Thanks for sharing. And how awful about the other person's goat. :-( I can't imagine the position you were in. We're getting no-dig wire mesh installed at the bottom of the whole fence to hopefully be proactive. The spotlight that is motion sensored is an excellent idea, thank you. The bell is certainly something to consider too. I really appreciate you sharing your experiences/lessons learned!


----------



## Dylann (Jun 21, 2020)

Goataddict said:


> I have a 4 feet fence as well keeps the goat in and offer adequate protection. Have you considered electric fencing zaps the goats going out and zaps what is trying to get in. Leave no space as goats and predators can go out and come in. The major predator in my area is the dogs. ( They decimated my entire chicken and rabbit population)
> 
> My dog ( though not a guardian) with her bark she scares things away and alerts us to intruders.


Yes have definitely considered it, but biggest worry is if it is safe for the animals? Read just a few (which was enough!) really sad stories about animals getting stuck and injured. Any experiences to share or have you found it entirely safe? And so sorry to hear about the chickens and rabbits, that's awful. :-(


----------



## Ashlynn (Oct 1, 2017)

Dylann said:


> Yes have definitely considered it, but biggest worry is if it is safe for the animals? Read just a few (which was enough!) really sad stories about animals getting stuck and injured.

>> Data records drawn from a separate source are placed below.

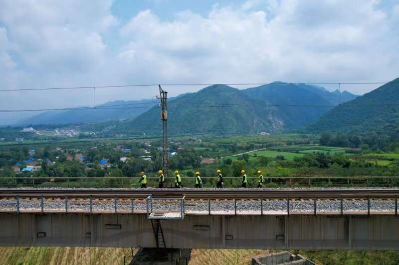 “降雨、高温天气的反复交替,对设备影响很大。”工班长程劲松一边用检查锤敲击桥面上的每一颗螺栓,一边嘱咐工友。他们今天的第一站,是宁西线西牛峪特大桥。
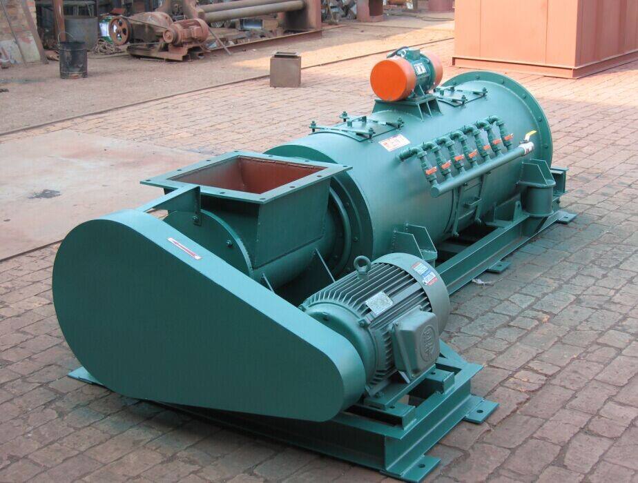 本實用新型結構緊湊,綜合性能好,技術先進,工藝合理,可靠性高,密封性能好,調水磨損小,處理量大,使用壽命長,連續(xù)運行,故障率低.加濕混合器配有兩組螺旋葉片機送入主機.進入攪拌槽和攪拌槽的干灰粉料,強制與供水裝置供水混合攪拌.同時將滿足濕度要求的物料輸送至出口卸料.
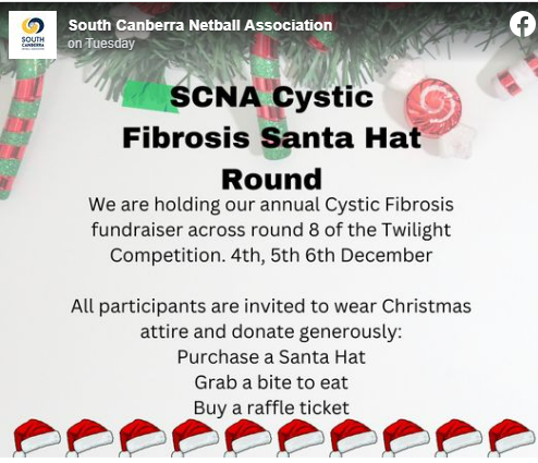 This week SCNA is running the annual fundraiser for Cystic Fibrosis. All players and supporters are invited to wear Christmas attire and donate. More details:
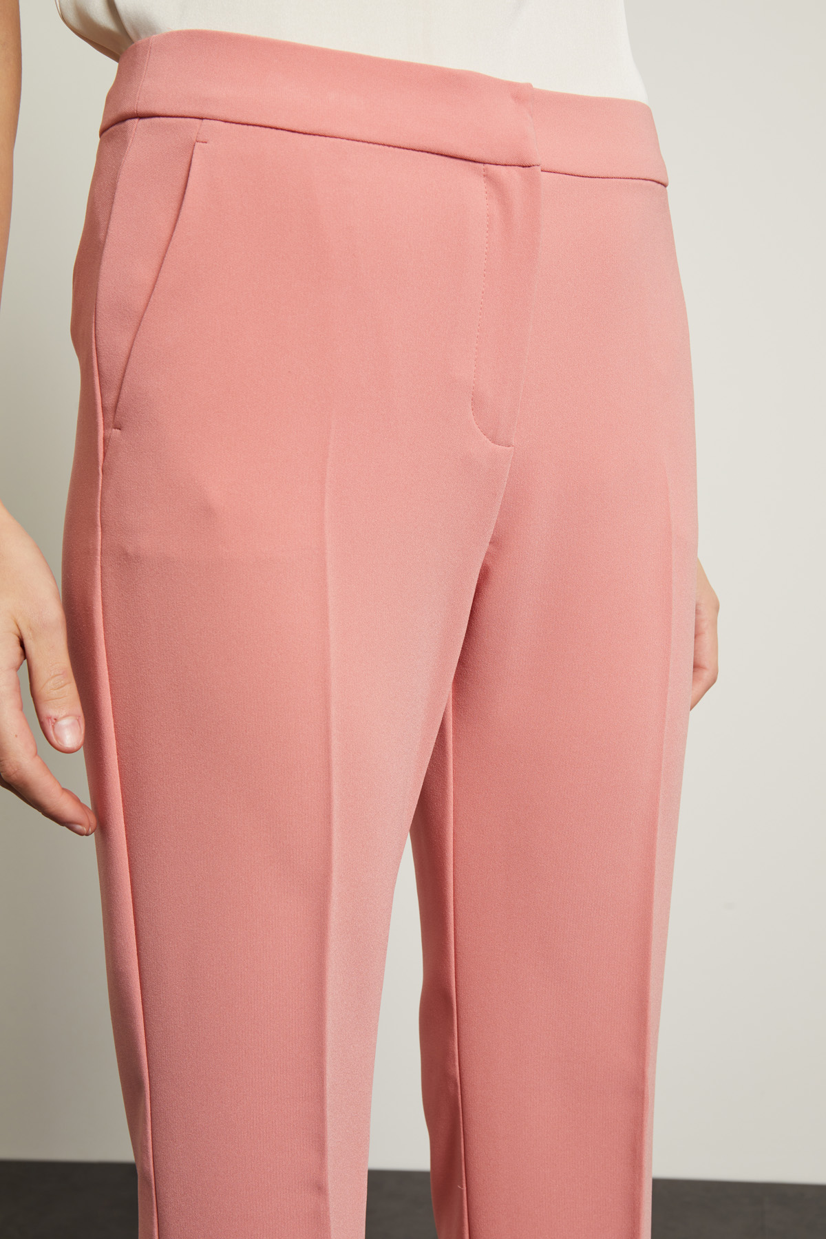 Pantaloni a palazzo realizzato in cady stretch con cintone in vita, tasche alla francese e piega stirata in lunghezza. Allacciatura tramite zip e bottone.
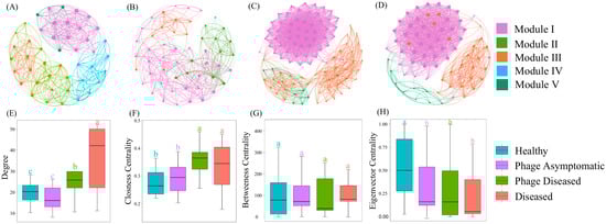 Co-occurrence network patterns of branch endophytic bacterial communities. The co-occurrence network showed the connectivity between the core branch endophytic ASVs of healthy (A), phage asymptomatic (B), diseased (C), and phage diseased (D) groups. Comparison between node-level topological features such as degree (E), closeness centrality (F), betweenness centrality (G), and eigenvector centrality (H) in each group. Means not sharing the same letter are significantly different by the t-test or Wilcoxon test (p < 0.05). The areas of different colors represent aggregation modules of branch endophytic bacterial communities; the lines between the nodes represent the correlation between the connected ASVs.
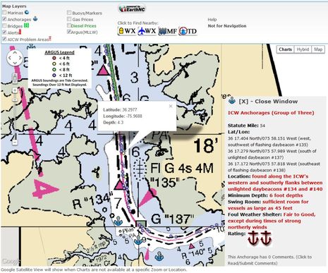 While I was at it, I checked out the current Navionics data for the sample section of the ICW and was pleasantly surprised to find that it was reporting a more realistic dredged area of 5 feet instead of the normally cited 12 feet, but you wouldn't know it unless you click on it. Navionics UGC also has anchorage info similar to what CruisersNet lists, in fact almost exactly the same. I don't know how that happened but I do know that a lot of energetic companies are competing for our attention with cruising data, which seems like a good thing. Have you used these resources, or others a prospective snow bird like me should know about?
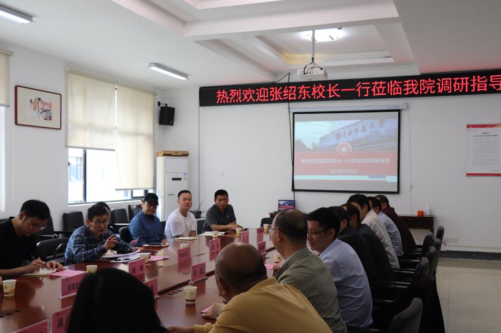 4月26日下午,公司党委副书记、董事长张绍东一行到z6mg人生就是博官网调研指导工作,校办副主任陈晨、校办秘书科张亮陪同调研。公司党政班子成员、系主任、青年教师代表、科级干部等20余人参加调研座谈会。
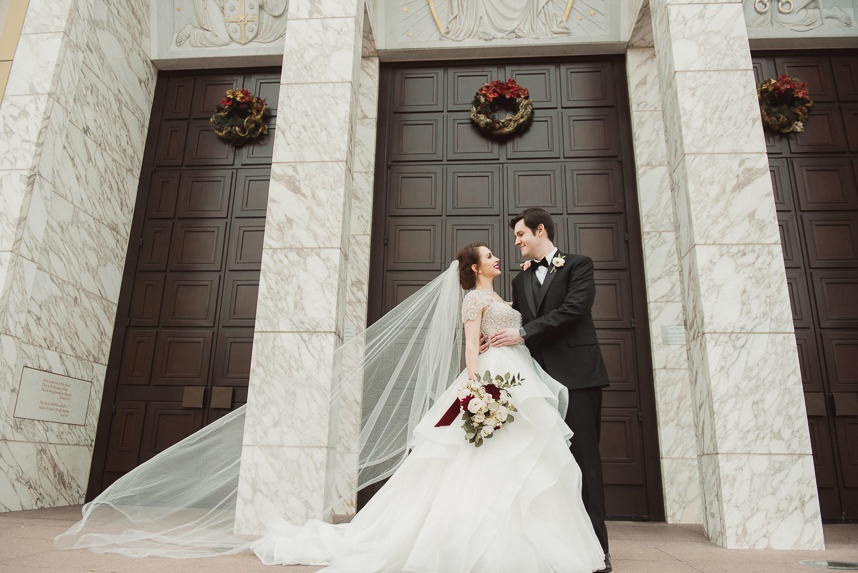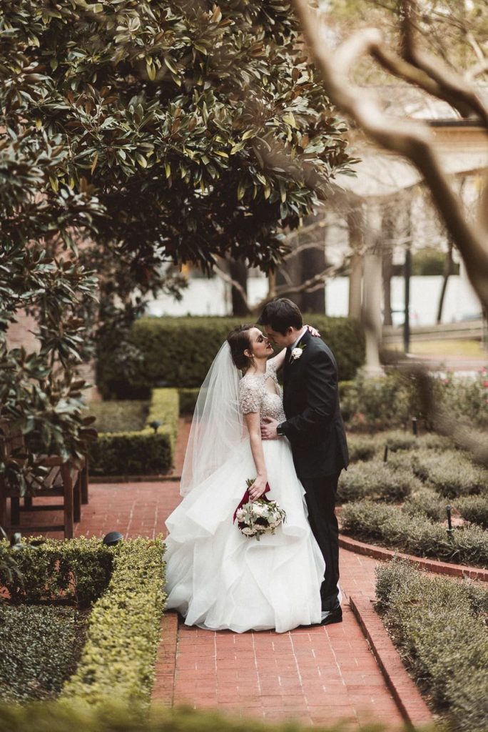 From the bride: “Our wedding day was absolutely wonderful! After almost a full year of planning, the day came together better than I could have ever expected. The entire color theme for the wedding was based on the favors – homemade blueberry jam. Ward and I picked the blueberries ourselves and made the jam with the help of my mother. The dark red color of the jam inspired the wine accents throughout my wedding. It was the perfect favor for people to take home that Ward and I had poured so much love into. We wanted everyone to fully appreciate how much it meant for them to attend our wedding.”
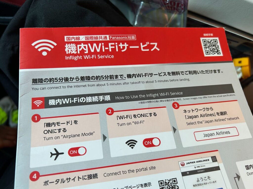 JALでは便によっては、機内に液晶パネルやWi-Fiが付いてない便もあります。
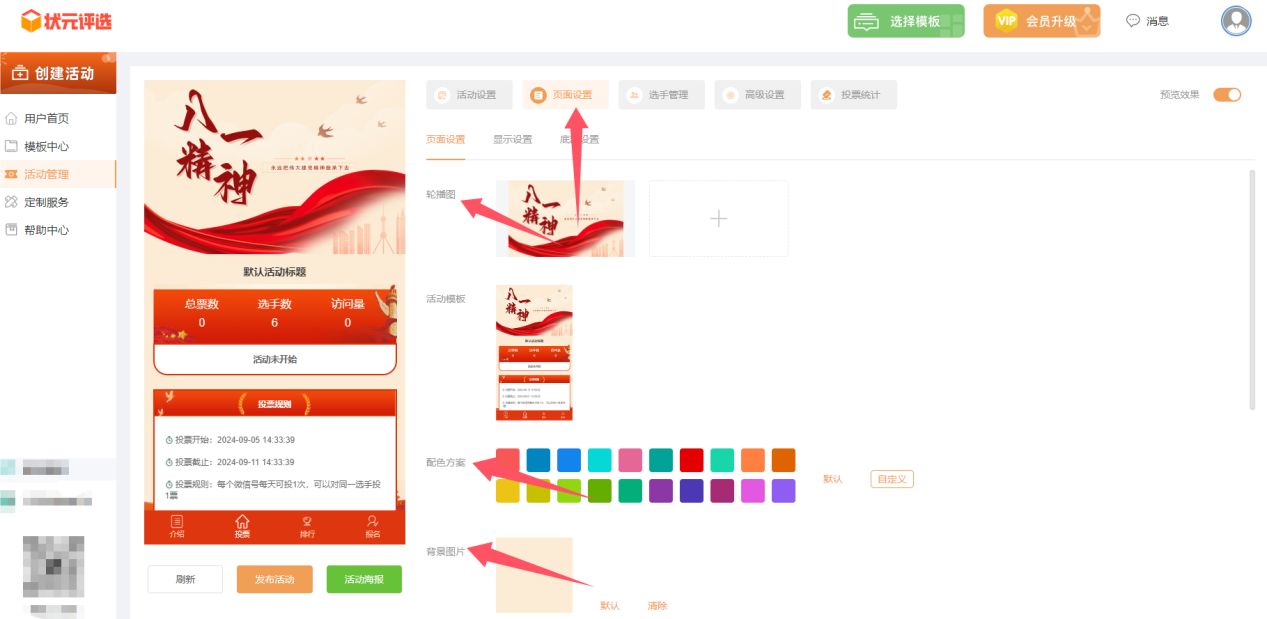 再者,在【页面设置】里面,上传一张轮播图封面,并根据活动需要,完成其他页面设置上的操作,如添加背景音乐、漂浮物等。
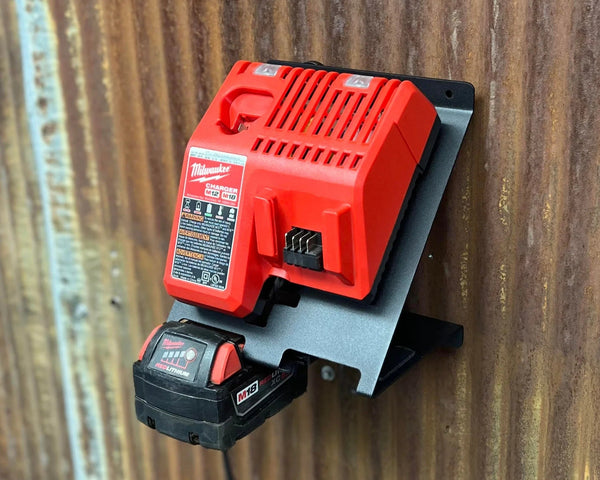 This Milwaukee M18 battery charger mount is an excellent organizational solution for workshops, work trailers, and service trucks. Designed to securely hold two batteries for charging or storage, it ensures you always have fully charged batteries on hand when you need them. The mount's ergonomic design, featuring a dedicated space for the power cord to pass through, enhances both its functionality and aesthetics. This thoughtful design not only creates a clean, streamlined look but also ensures a safe and convenient charging setup.
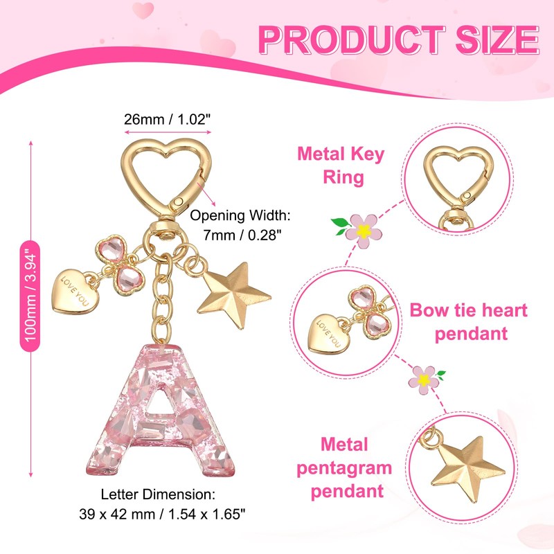 - Color: Pink; Style: Letter A;Total Length: 100 mm / 3.94 inch; Letter Dimension: 39 x 42 mm / 1.54 x 1.65 inches (L*W); Keychain Opening Width: 7 mm / 0.28 inch; Package List: 1 Pcs x Cute Initial Letter Keychain
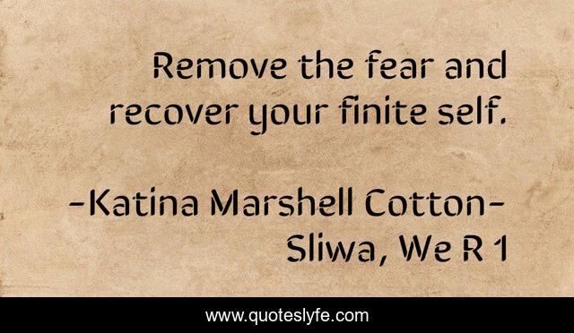 This page presents the quote "Remove the fear and recover your finite self.". Author of this quote is Katina Marshell Cotton-Sliwa, We R 1. .
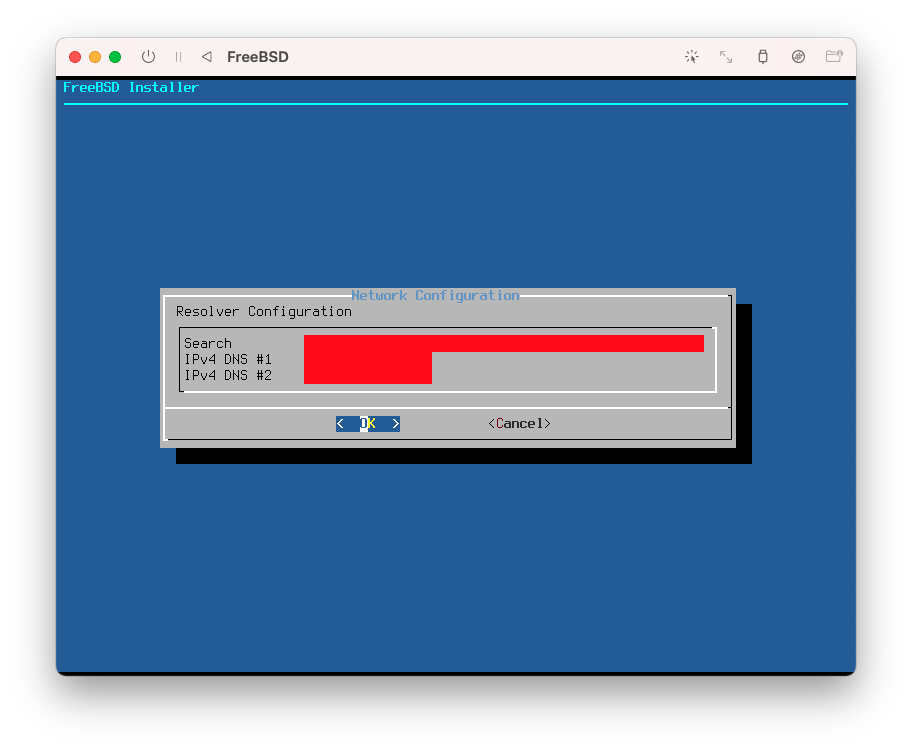 選擇主機名稱 (hostname)。由於此虛擬系統不做為網路服務器,名稱可以任取。「freebsd」是個還不錯的選擇:
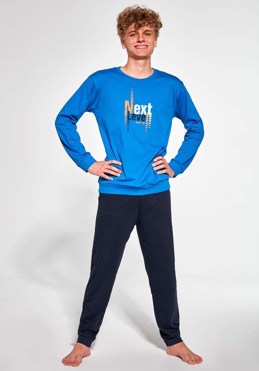 Wygodna piżama młodzieżowa chłopięca z długim rękawem. Bluzka w niebieskim kolorze, ozdobiona nadrukiem, rękawy zakończone ściągaczami. Do kompletu, długie, jednolite spodnie z nogawkami zakończonymi ściągaczami. W pasie wygodna gumka. Skład: 100% bawełna
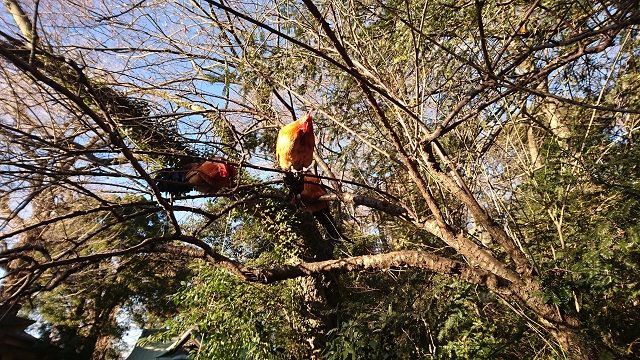 おまけ・・谷保天満宮で放し飼いの鶏です!(鶏ってこんな高いところへ登る?)
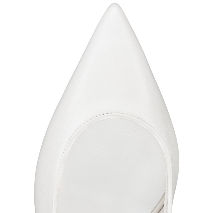 The Sporty Kate Sling pump crafted from nappa leather in Bianco white and featuring a delicate 55 mm kitten heel is the embodiment of elegance. The closed toe contrasts with the open slingback and fine stitching adorns each edge. Detailed with the iconic Maison Christian Louboutin initials and embellished with a daring Loubi red sole, this slingback makes a statement.

Any experiences to share or have you found it entirely safe? And so sorry to hear about the chickens and rabbits, that's awful. :-(


If you wanted to do electric, I would put it on the outside. Goats are relatively easy to keep in regular fencing as long as there are no holes going under the fence, no things to help climb over the fence, and the gate is at an appropriate height off the ground to where it can swing well but not let them slip under. Predators getting in would be the main issue. You could have regular fencing and then strands of solar electric fencing on the outside to deter things from getting in. That way the goats are less likely to get stuck, but you still have the electric protection.


----------



## Dylann (Jun 21, 2020)

Ashlynn said:


> If you wanted to do electric, I would put it on the outside. Goats are relatively easy to keep in regular fencing as long as there are no holes going under the fence, no things to help climb over the fence, and the gate is at an appropriate height off the ground to where it can swing well but not let them slip under. Predators getting in would be the main issue. You could have regular fencing and then strands of solar electric fencing on the outside to deter things from getting in. That way the goats are less likely to get stuck, but you still have the electric protection.


Ahh that makes total sense, thank you.


----------



## Goataddict (Jun 8, 2020)

Dylann said:


> Yes have definitely considered it, but biggest worry is if it is safe for the animals? Read just a few (which was enough!) really sad stories about animals getting stuck and injured. Any experiences to share or have you found it entirely safe? And so sorry to hear about the chickens and rabbits, that's awful. :-(


Yes it is safe for animals. It delivers a shock that after the animal won't forget and will make the connection that the fence means trouble and getting zapped. I would think they would stay away from the fence or certain distance not close enough to get stuck in it. The point @Ashlynn made is okay as well. It really depends on the user though. 
Thanks it can be though sometimes.


----------